This is an unofficial implementation of the diffusion-style noise frontend in "Intriguing properties of generative classifiers" by Priyank Jaini, Kevin Clark, Robert Geirhos to improve the shape-bias of vision models.
Reproduce the training of ResNet-50 (assumes you have 4 GPUs on 1 node)
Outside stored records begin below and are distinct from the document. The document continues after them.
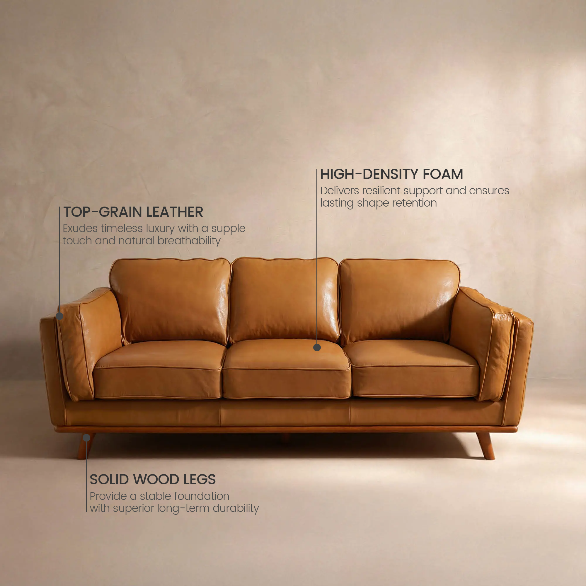 Settle into the cradle of top-grain leather and high-density foam, where tension dissolves. It offers just-right support, whether for weekend reading or evening gatherings.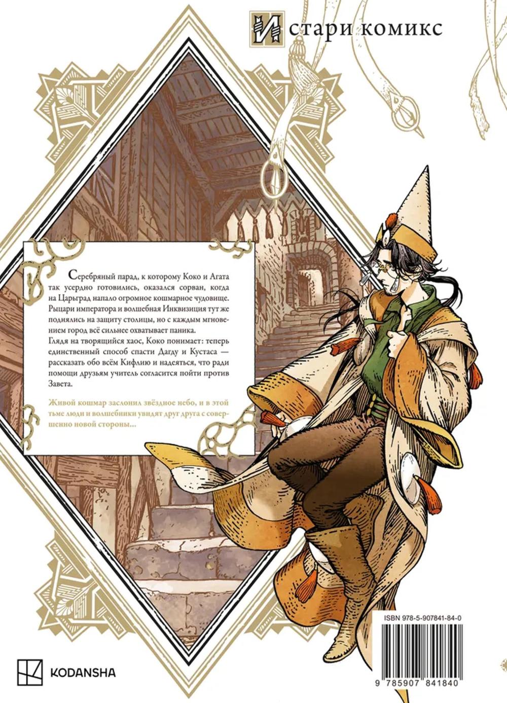 Серебряный парад, к которому Коко и Агата так усердно готовились, оказался сорван, когда на Царьград напало огромное кошмарное чудовище. Рыцари императора и волшебная Инквизиция тут же поднялись на защиту столицы, но с каждым мгновением город всё сильнее охватывает паника. Глядя на творящийся хаос, Коко понимает: теперь единственный способ спасти Дагду и Кустаса - рассказать обо всём Кифлию и надеяться, что ради помощи друзьям учитель согласится пойти против Завета. Живой кошмар заслонил звёздное небо, и в этой тьме люди и волшебники увидят друг друга с совершенно новой стороны...| Издательство | ИД Истари Комикс |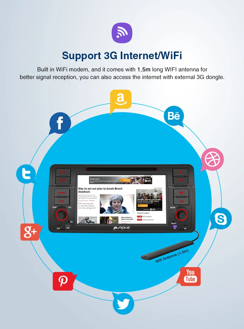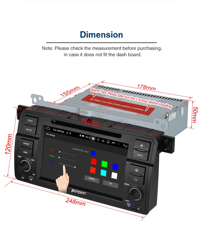 Pumpkin 2 Din 7''Android 9.0 Car DVD Player For BMW E46/M3 GPS Navigation Car Stereo FM Rds Radio Bluetooth Wifi 4G Headunit Applicable Models:The following car model and year are for reference, please make sure your original car radio has the same shape as our unit.sBMW 3 Series:1998 to 2001 -E46(BMW Old 17-Pin connector)BMW 3 Series:2002 to 2006 -E46(BMW new 40-Pin connector)BMW M3(1998-2006)BMW 318/320/325/330/335(1998-2006)(Notice:This unit does not support the original car's convers+ function.)Specifications:OS: Android 9.0 PieCPU: 8-Core 64-bit CPU Coretex-A53 RAM: 4GBROM: 32GBRadio IC: NXP6686Bluetooth: BT 4.0Working Voltage: 10.8~14.8V DCAudio output: 4*50W MaxBoot time(2nd time): about 1sScreen:Screen Size: 7-Inch Digital ScreenResolution: 1024*600Capacitive Touch Screen (5 points)Image Brightness /Contrast/ Color AdjustableOperation SystemThis unit is powered by Android9.0 system, 8-Core 64-bit CPU Coretex-A53 which will provide you a different experience than before.EQBuilt-in TDA7851L amplifier IC,Supports subwoofer audio output, and control it separately.Max audio output: 4 X 50W,Multi-color button lightPanel buttons light RGB color are available, you can change it freely to match your vehicle.Phone MirroringMirror your phone on the 7 inch screen.For Android phone ,you can mirror and control on the unit via USB cable connection ,Air Play For iPhone, you can just mirror on the unit via wifi connection ,can not controlGPS:Support online and off-line navi app, support 3D Maps and voice guidance, your long journey will no longer be bothered by the nightmare of getting lost.Map Storage Mode: Micro SD CardVoice Guidance: Yes3D Map: Yes(Support radio/Bluetooth/USB/SD playback while navigating.)DAB+ Digital Radio (Extra DAB+ box NA7001B required)Digital Audio Broadcasting allows you multi-regional music with your local well-known and also new channels. CD sound quality and noise-free in excellent transmission make DAB Radio a special experience in the vehicle.which make DAB broadly accessible to most of Europe.AV OutputFor this unit, it can output the DVD or AUX video to the headrest.Bluetooth 4.0:Built-In Microphone in the control panel for hands free calling functionExternal microphone also included for free clear voice callingSupport Bluetooth audio player/Phone Book function, quick search contacts.(Attention: This function can only be realized when the mobile phone supports Bluetooth Audio Output/Contacts Output)Support Bluetooth Connection for iPhone/ Most Android Phones/ Even some None Smart Phone(Attention: The Bluetooth just for audio stream transfer, it doesn’t support file transfer or Internet tethering.)Steering Wheel ControlChange the track, volume, etc. conveniently without taking your hands off the steering wheel, which makes your driving much safer.RadioHigh quality radio IC: NXP6686, with good radio reception.AM/FM tuner built in (worldwide)AM frequency range: 522-1620 (Europe), 530-1710 (America), 522-1620 (Russia)FM frequency range: 87.5-108 (Europe), 87.5-107.9 (America), 65.0-109.0 (Russia)RDS Radio: YesUSB/SD:Built in micro SD card slot/ USB Port.Support SD card/ USB drive up to 128GB.Support Audio Formats: MP3/WMA/WAV/APE/FLAC/OGG/AC3, etc.Support Video Formats: RMVB/AVI/MPG/MPEG/VOB/MOV/ASF/FLV/3GP/MP4, etc.OSD Language:English, German, French, Russian, Spanish, Turkish, Portuguese, Arabic, Chinese, Italian, Thai, Hebrew, Danish,Hungarian,Dutch,Polish,Finnish,Greek,Bulgarian,Belgian,Swedish,Japanese,etc.OBD2 (Extra device required)Compatible: Most of Bluetooth type ELM327 OBD2 scanner and wifi OBD2 (Search Y0004/Y0034 on our store)Compatible Application: TorqueDisplay Data: Real-time data and trouble codes from vehicles computer.(Attention: Few cars may not support the ECU reading accessing, those cars will not work this function.)WIFI/4G internet4G internet (Extra device required)Support 4G internet, Require external USB 4G modem. WIFI: Built in WIFI modemDirect turn on WIFI function to search and connect to any free WIFI hotspots(It comes with 1.5m long WIFI antenna for better signal reception.)Cam-In(Extra device required)Support RCA type reverse camera input, automatically trigger to reverse camera when reversing the car. DVDSupport all formatsDVD drive: Region FreeCompatible Formats: AVI/DVD/DVD+R/DVD-R/DVD+RW/DVD-RW/VCD/MP3/CD/CD-RW/JPEG etc.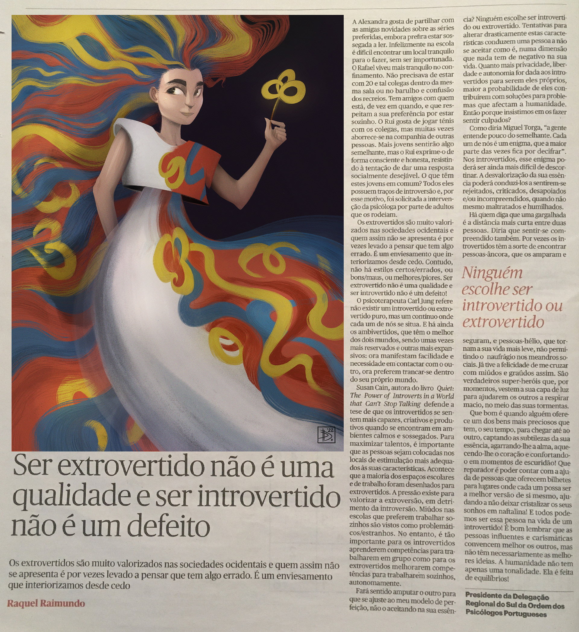 This work was created for an article by Raquel Raimundo on ambiversion for Editorial Drawing course (MFA in Drawing at FBAUL). The idea is about a character who is both introverted and extroverted — with her colorful hair, floral shapes and plain dress, she stands calm through color and colorful through darkness, showing a way with a golden flower.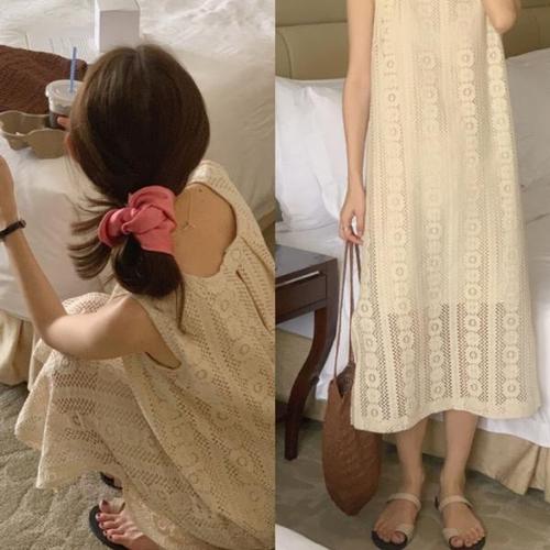 [에이치플러스몰]펀칭레이스 인기 니트 롱원피스 여자 감성 나시 여성
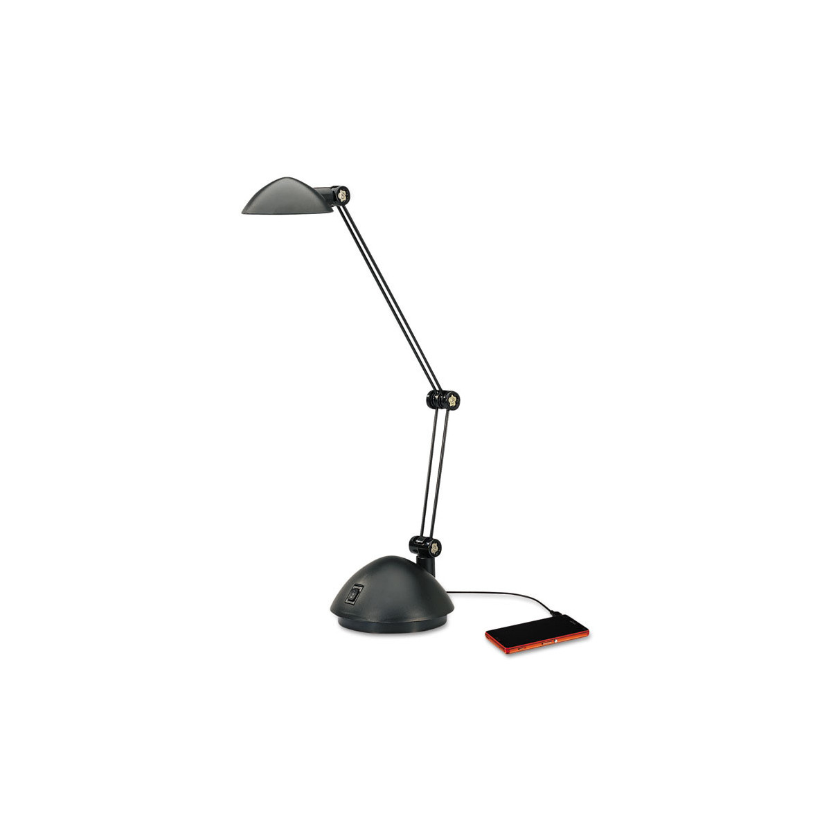 An ideal option for all task lighting needs with the lasting power of LED. Three-point adjustable twin arm for maximum reach. USB charging port hidden on base for conveniently charging smart phones, tablets and other devices. Built-in diffuser distributes light evenly and helps eliminate glare. 3 watt surface-mount LEDs have an average rated life of 20,000 hours. On/off switch conveniently located on base. Dome style base measures 5 1/4" in diameter.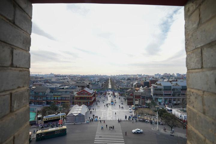 2024年12月26日,從正陽(yáng)門箭樓內(nèi)向南拍攝的北京前門大街和遠(yuǎn)處的永定門城樓。新華社記者 鞠煥宗 攝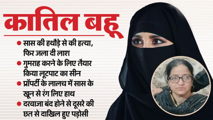 सास की हत्या की चौंकाने वाली साजिश—पहले बेहोश किया, फिर हथौड़े से मारा और जला दिया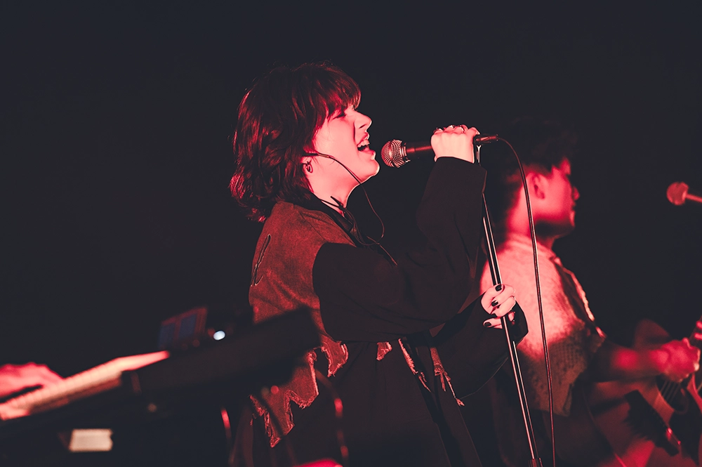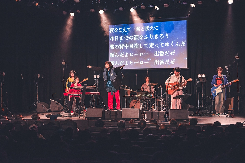 涙と笑いが交互に起こる“喜怒哀楽のジェットコースター”と形容したくなるコンサートとなった。渋谷Pleasure Pleasureで開催された『HONEBONE ホールワンマンライブ2025 「人生まるごと全肯定!!」』。2人だけのコーナーもあったが、基本的にはバンドスタイルでのステージで、メンバーはEMILY(ボーカル)とKAWAGUCHI(ギターとコーラス)というHONEBONEの2人に、スーパーさったん(エレキギター)、木下きえ(ベース)、野口紗依子(キーボード)、脇山広介(ドラム)を加えた6人編成だ。

torchrun --nproc-per-node=4 train.py --amp --no-normalization --diffusion-noise
If you have a different number of GPUs, adjust the batch size (via --batch-size B
) such that B * GPUs = 256
.
Please note that the resulting model is not normalized by channel means/stds, i.e., you must ensure that input data is in the [0, 1]
range.
Model | ImageNet-val | Shape-Bias | Mean OOD |
---|---|---|---|
RN-50 (90 Epoch) - eval with noise | 51.64 % | 0.73 | 46.63 % |
RN-50 (90 Epoch) - eval w/o noise | 67.22 % | 0.51 | 56.06 % |
The checkpoint is available on HuggingFace.
Please note that the evaluation with noise will give you slightly different results based due to the non-deterministic nature of noise.
The original codebase is written in JAX, trains for 300 epochs and does not use AMP - as such the results do not fully align.
Thanks to Robert Geirhos for the help in reproducing the results! The training script is based on the example in PyTorch.